Hi all,
I recently started analysing a mouse RNA-seq dataset, where I had the following data:
- 6 control samples, all of them contaminated with a human cell line
- 6 KD samples with no contamination
After seeing the "experimental setup" my first thought was to just trash it, take a deep breath, and tell the collaborators to redo the experiments/sequencing as the contamination and the control condition is perfectly confounded.
Later I still started doing some basic analysis. The pipeline is the following:
- combine an up-to-date mouse and human transcriptome annotation from GENCODE
- run Salmon using the combined transcriptome index
- tximport to import gene level counts
- calculate read number and % mapping to human transcripts
- do limma/voom for differential expression only on the mouse genes, using:
model.matrix(~ human_read_percent + condition)

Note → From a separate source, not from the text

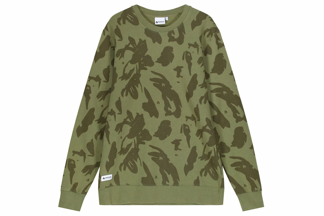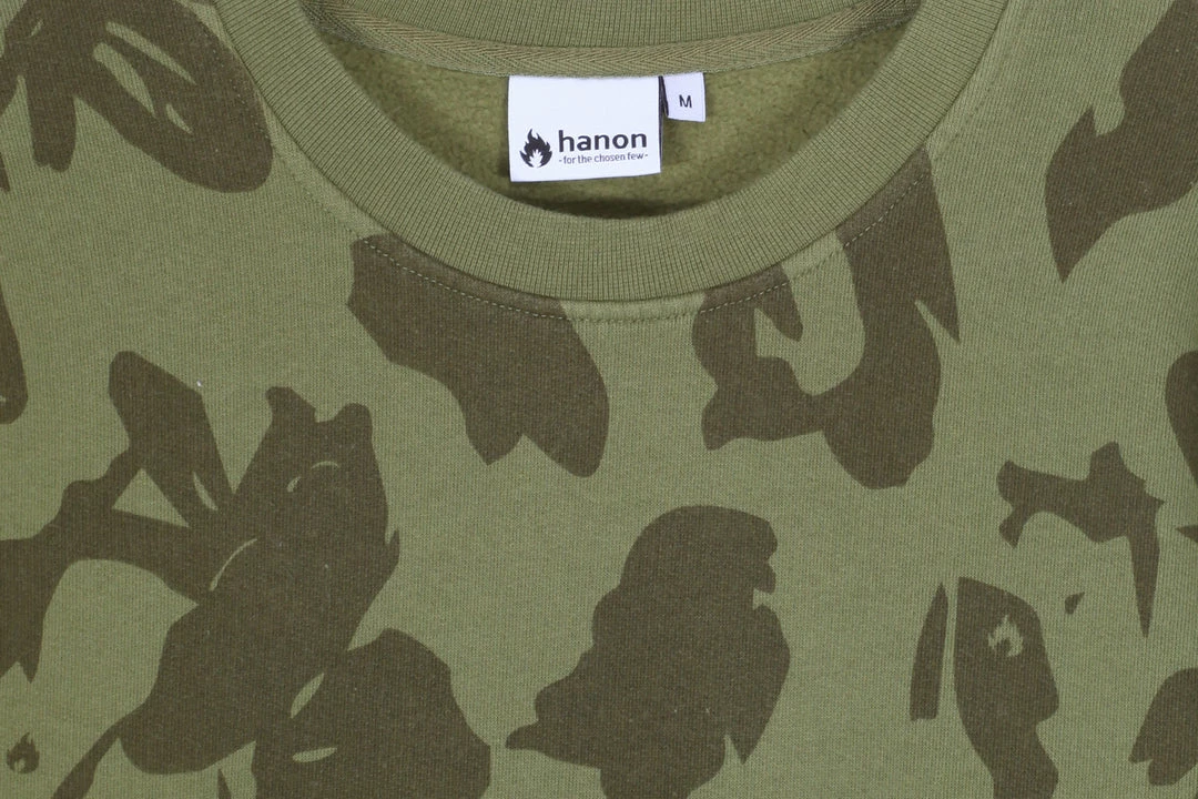For Autumn/Winter ’18 our HANON collection returns, comprised of staples such as the Flame Badge series across t-shirts, sweats and hoods. Our Woven Shirt program also makes a welcome return with a distinctly autumnal palette, as well as a new range of graphics offered on a fresh selection of colours for the season. Here we have the Camo print sweatshirt finished in Military Green complete with woven HANON tab on the bottom right side.

Of course those samples that have no human contamination, still have somewhere between 3-7% reads mapped to the human transcriptome, thanks to homology. There are no significantly differentially expressed genes after this, not even the gene that was knocked down.
Is there any hope of improving this somehow, or I should just give up? Thanks for any advice!
This may be an impossible effort due to the homology. One thing to note about your model is that you will have in actuality *linear* increases in counts/expression with human_read_percent, but all the statistical models are working on the log scale, whether modeling log CPM or using a GLM with log link. So it doesn't make sense to have human_read_percent in the model matrix as a continuous vector when it's being used to explain log count increases.
"There are no significantly differentially expressed genes after this, not even the gene that was knocked down." What do the TPMs look like for this gene across the samples?
OK, maybe I can drop human_read_percent from the model, and see results then.
The TPM is between 0 - 0.1 for all 12 samples, both for the mouse gene and the human ortholog. Wondering if I have other problems too... BTW, based on biomart, I have a one 2 one ortholog, with 98% sequence identity between mouse/human for the KD.
Yeah, I'd say there are issues pre-Bioconductor packages, which you'll have to look into first.